There’s a special charm about returning to the place you spent almost your entire life: everything feels familiar and yet you perceive your surroundings with the fresh perspective of the visitor you now are.
To carry on from Returning to Wales – what I loved Part 1, here are some more things that filled me with joy on our recent trip, again in no particular order.
Follies
Definition of folly: a building with little or no function, and which pretends to be something that it is not.
I’m hazarding a guess that Folly Tower above Pontypool is one such building. Known affectionately by locals as ‘the folly’, the tower is around 40 feet high and stands roughly 1,000 feet above sea level. It’s thought the original tower dated back to 1765–1770, but it was demolished during the Second World War due to fears it could present a landmark for German planes seeking to bomb the nearby Royal Ordnance Factory. Plans to rebuild the structure after the war were abandoned in favour of new housing and it wasn’t until the nineties that Folly Tower was finally rebuilt, using stone from a recently demolished primary school.
The very first hike Harri and I did together as work colleagues passed the folly and so this place holds happy memories for us both.
Ancient buildings
Wales is famous for its castles – we have more castles per square mile than any other European country, including Portugal. Caerphilly Castle, six miles up the road from the village where we lived, is the largest castle in Wales and the second largest in Britain (after Windsor Castle – or Dover Castle, depending on who you believe).
But it’s not just castles. We also have Roman ruins (Caerleon and Caerwent being notable South East Wales sites), burial mounds, manor houses and monasteries. As this trip focused on us revisiting old haunts, we headed to the Black Mountains where, as always, we were bowled over by the moody and majestic 900-year-old Llanthony Priory.
Wild ponies
So much of our time in Wales was spent yomping across hills and heathland where we frequently encountered wild ponies.
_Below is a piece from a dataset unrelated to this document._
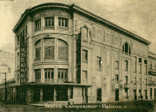 El 20 octubre de 1921, los empresarios Santos y Artigas —dueños del circo más importante de Cuba— inauguran el teatro Campoamor, en Industria y San José, construido a un costo de 300 mil pesos de la época. Pero después comenzó a usarse como cine. Allí se realizó la premiere el 15 de febrero de 1928 del filme The Jazz Singer, la primera película sonora, de 1927, estrenada en Estados Unidos prácticamente semanas antes, el 6 de octubre de 1927. |

These beautiful and hardy creatures graze on the open hillside in all weathers. Those we passed on Hatterill Hill in the Black Mountains barely cast a glance in our direction. While I shivered and regretted not wearing gloves, they appeared entirely unfazed by the freezing, early June temperature.
Mountains on your doorstep
Okay, I understand that this doesn’t apply if you live on the Gwent Levels or even most of Cardiff, but a lot of Welsh people go about their daily lives with a mountain – or often mountains – on their doorsteps. In our case, it was Mynydd Machen, the summit of which was a mere three miles from home via fields, forest, crumbling lanes and a final climb across heathland to the trig point on the top. At 1188 feet (362 metres) high, Mynydd Machen isn’t the highest peak in the area – that title goes to nearby Twmbarlwm which boasts 1370 feet (419 metres) and has an Iron Age hillfort on the top – but it was our nearest hill and we climbed it regularly. For that reason, and the expansive views across the Bristol Channel, we felt we owed it a visit.
Piers
Piers are not unique to Wales, but I don’t think there are any pleasure piers in the Algarve (please correct me if I’m wrong). Ever since I walked to the end of Southend pier when I was 11 and made an infamous recording of the Marilyn Monroe classic I want to be loved by you in a booth, I’ve always loved piers. Southend stretches 1.33 miles (7022.4 feet) into the Thames estuary, making it the longest pier in the world. The longest pier in Wales – Llandudno – is 2295 feet, which makes our local pier at Penarth look like a positive minnow in the world of piers. At just 650 feet, Penarth pier won’t give you the same sense of being out at sea as its longer counterparts. On the bright side, there is no charge to walk along the well-maintained boardwalks and the public toilets are clean (and free).
Dragons
You can’t go to Wales and not come across the odd dragon or two. We stumbled upon this toothy fellow at Mermaid Quay in Cardiff Bay.
Crocodiles
Bet you didn’t see this one coming! Let me explain. The author Roald Dahl was born to Norwegian parents in Cardiff in 1916. A nod to his children’s popular book, The Enormous Crocodile, this iconic bench is located on the popular embankment trail which leads across the barrage at Cardiff Bay. We didn’t stop to use the bench on this occasion – we were heading to Penarth – however, it was refreshing to spot one that wasn’t randomly placed.
Tiny houses
Last but not least, this gorgeous little door at Llantarnam boating lake reminded me of all the picture books I devoured as a child where a small mammal – maybe a squirrel or a mouse – lived inside a tree trunk which had been transformed into what we’d now call ‘a tiny house’. There was always a very cute little bed and said mammal inevitably wore an apron. I’m pretty sure I’m not making this up!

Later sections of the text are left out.